I am actually interested on cyclotomic polynomials of the form $x^n+1$ (i.e. $n$ is a power of 2, for large $n$).
Are these polynomials irreducible modulo a prime $q$? I already saw that $X^2+1$ is not irreducible modulo 5 because $Z_5$ contains roots of -1. What about $x^{512}-1$? Is there a general criterion?
Thanks
For any $n \in \mathbb{N}$ and $p$ a prime that does not divide $n$,
$$ \Phi_n(x) \text{ is irreducible in } \mathbb{Z}_p \iff p \text{ is a primitive root modulo } n$$
Wikipedia article: Primitive root modulo n.

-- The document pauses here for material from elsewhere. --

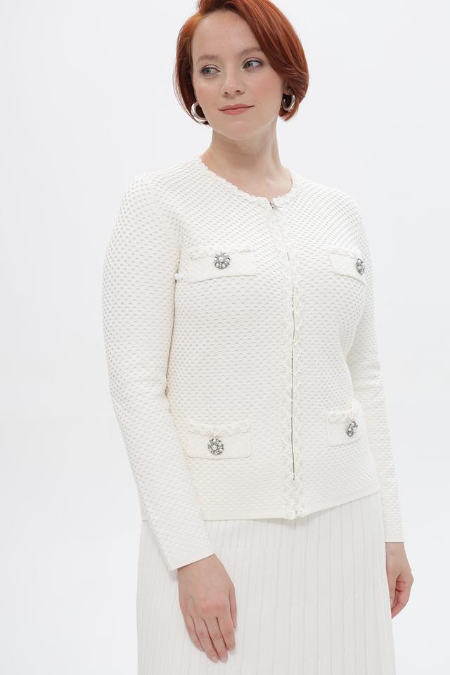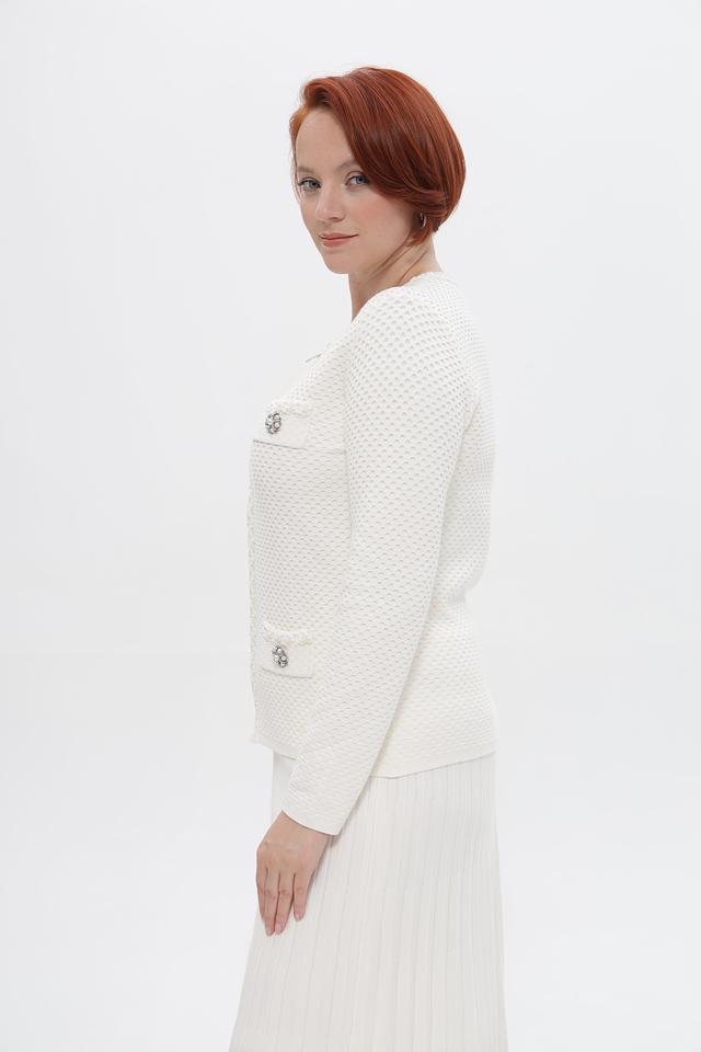 Белый жакет Passioni из фактурного трикотажа с декоративными элементами. Модель на молнии с карманами, украшенными стразами. Идеальное дополнение к вашему образу. Состав: вискоза 80%, полиамид 20%

For powers of $2$, only $2$ and $4$ have primitive roots. Primitive roots modulo $n$ correspond to generators of $\mathbb{Z}_n^*$. For $n=2^k$ and $k\geq 3$, $\mathbb{Z}_n^*$ is not cyclic and thus there are no primitive roots modulo $n$.
Thus for higher powers of $2$, the cyclotomic polynomial will be reducible modulo any odd prime.
I find this relatively general answer from the Finite Field book by Rudolf, theorem 2.47, helpful:
The cyclotomic field $K^{(n)}$ is a simple algebraic extension of $K$. If $K=\mathbb{F}_q$ with $\gcd(q,n)=1$, then the cyclotomic polynomial $Q_n$ factors into $\phi(n)/d$ distinct monic irreducible polynomials in $K[x]$ of the same degree $d$. Here $d$ is the least positive integer such that $q^d \equiv 1 \mod n$.